> [EXERCISE DIRECTIONS] Below is a block of records; reproduce all of them exactly and leave out any pictures.

> [DATA IN THIS EXERCISE]
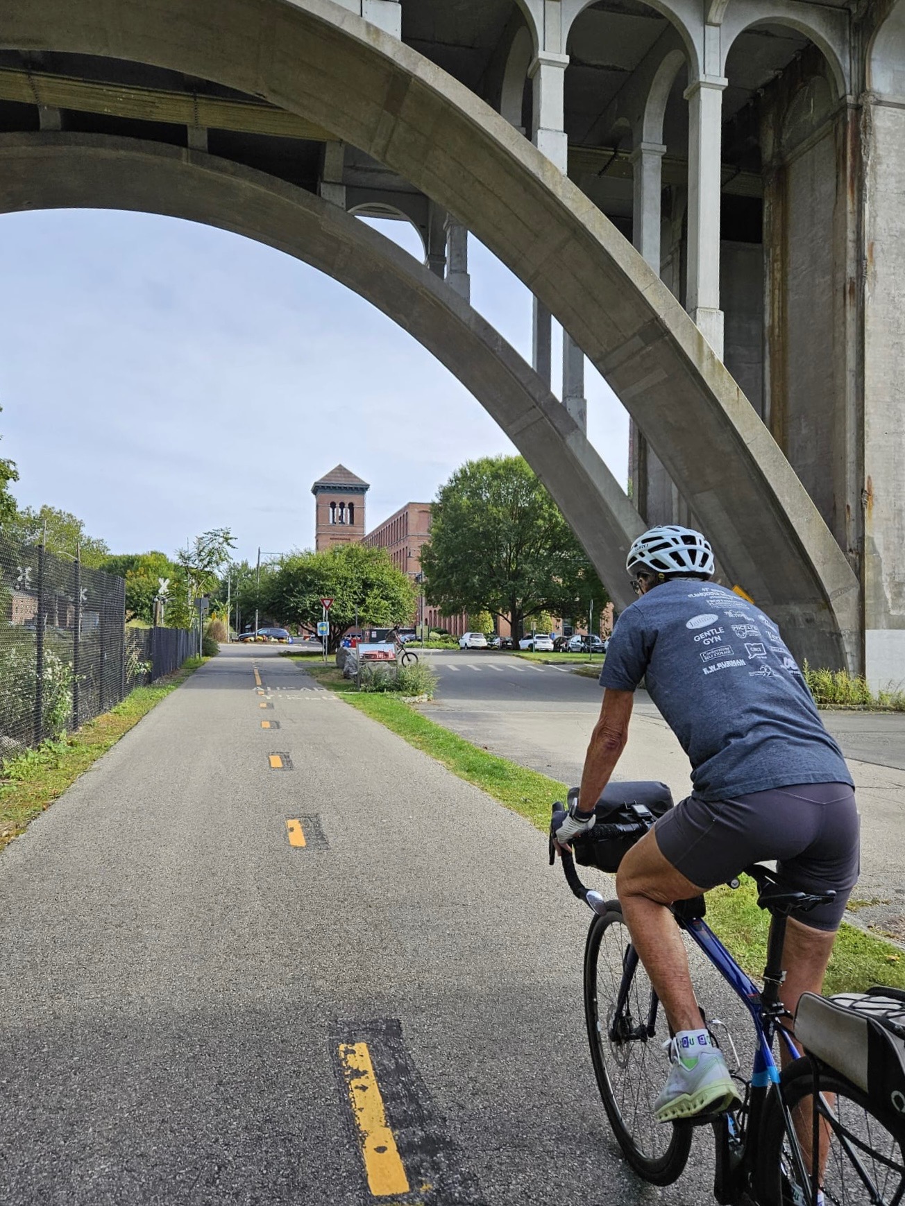 Biking under the Route 116 Viaduct. Photo courtesy of Deirdre Bird
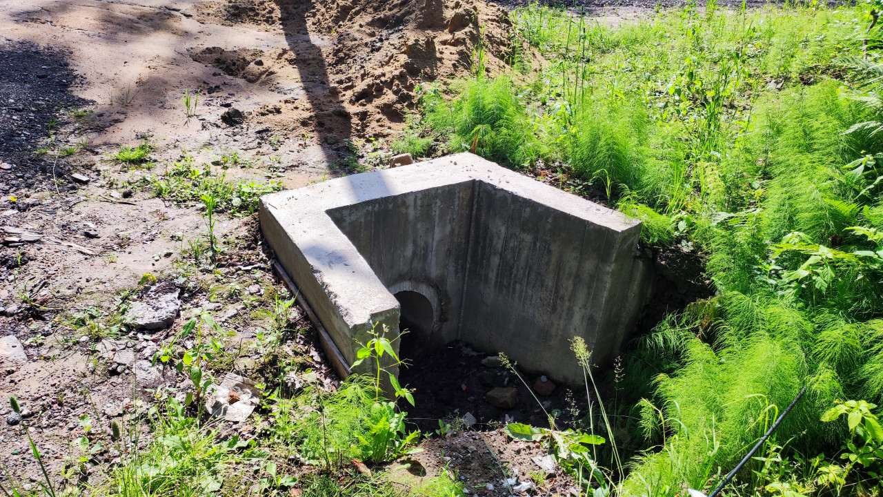 На снимке показано бетонное сооружение с круглым выходом трубы, встроенное в грунт и окружённое густой травой и растительностью. Конструкция предназначена для организации водоотвода с дорожных и тротуарных зон. На фоне заметна насыпь грунта и участок асфальтированной дороги. Фото иллюстрирует инженерное решение в рамках строительства или реконструкции дренажных систем. Изображение можно использовать в материалах о строительстве дорог, благоустройстве и инженерной инфраструктуре.
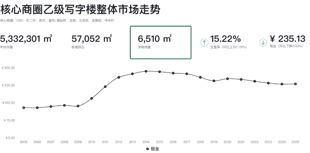 本季度核心商圈整體乙級(jí)寫字樓凈吸納量為6,510 平方米。乙級(jí)寫字樓的空置率環(huán)比上季度上升 0.79 個(gè)百分點(diǎn),錄得 15.22% ;成交租金仍呈下行趨勢(shì),環(huán)比上季度下降 0.93 個(gè)百分點(diǎn)至每平方米每月 235.13 元。其中 CBD 、金融街、亞奧商圈的成交租金降幅相對(duì)明顯,環(huán)比上季度降幅均超過(guò) 1.0 個(gè)百分點(diǎn)。
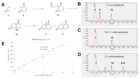 Investigation of reaction products in the presence and absence of imidazole and lipase preparation. (A) Starting materials 2-methyl-1,3-cyclohexanedione 1 and methyl vinyl ketone 2 produce triketone intermediate 13, which proceeds through bicyclic species 14 to WMK products 3 and 4. (B) HPLC chromatogram of reaction sample with L1 but no imidazole. (C) HPLC chromatogram of reaction sample with imidazole but no L1. (D) HPLC chromatogram of reaction sample with both L1 and imidazole. (E) Standard curve generated using HPLC data obtained from commercially available Wieland–Miescher ketone. Reaction conditions taken from [18].
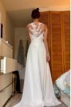 レビュー: シンプルなウェディングドレス 2026 シフォン Aライン vネック ノースリーブ レースビーズブライダルガウントレーン付き

> [FINISHED TASK]
 Biking under the Route 116 Viaduct. Photo courtesy of Deirdre Bird
 На снимке показано бетонное сооружение с круглым выходом трубы, встроенное в грунт и окружённое густой травой и растительностью. Конструкция предназначена для организации водоотвода с дорожных и тротуарных зон. На фоне заметна насыпь грунта и участок асфальтированной дороги. Фото иллюстрирует инженерное решение в рамках строительства или реконструкции дренажных систем. Изображение можно использовать в материалах о строительстве дорог, благоустройстве и инженерной инфраструктуре.
 本季度核心商圈整體乙級(jí)寫字樓凈吸納量為6,510 平方米。乙級(jí)寫字樓的空置率環(huán)比上季度上升 0.79 個(gè)百分點(diǎn),錄得 15.22% ;成交租金仍呈下行趨勢(shì),環(huán)比上季度下降 0.93 個(gè)百分點(diǎn)至每平方米每月 235.13 元。其中 CBD 、金融街、亞奧商圈的成交租金降幅相對(duì)明顯,環(huán)比上季度降幅均超過(guò) 1.0 個(gè)百分點(diǎn)。
 Investigation of reaction products in the presence and absence of imidazole and lipase preparation. (A) Starting materials 2-methyl-1,3-cyclohexanedione 1 and methyl vinyl ketone 2 produce triketone intermediate 13, which proceeds through bicyclic species 14 to WMK products 3 and 4. (B) HPLC chromatogram of reaction sample with L1 but no imidazole. (C) HPLC chromatogram of reaction sample with imidazole but no L1. (D) HPLC chromatogram of reaction sample with both L1 and imidazole. (E) Standard curve generated using HPLC data obtained from commercially available Wieland–Miescher ketone. Reaction conditions taken from [18].
 レビュー: シンプルなウェディングドレス 2026 シフォン Aライン vネック ノースリーブ レースビーズブライダルガウントレーン付き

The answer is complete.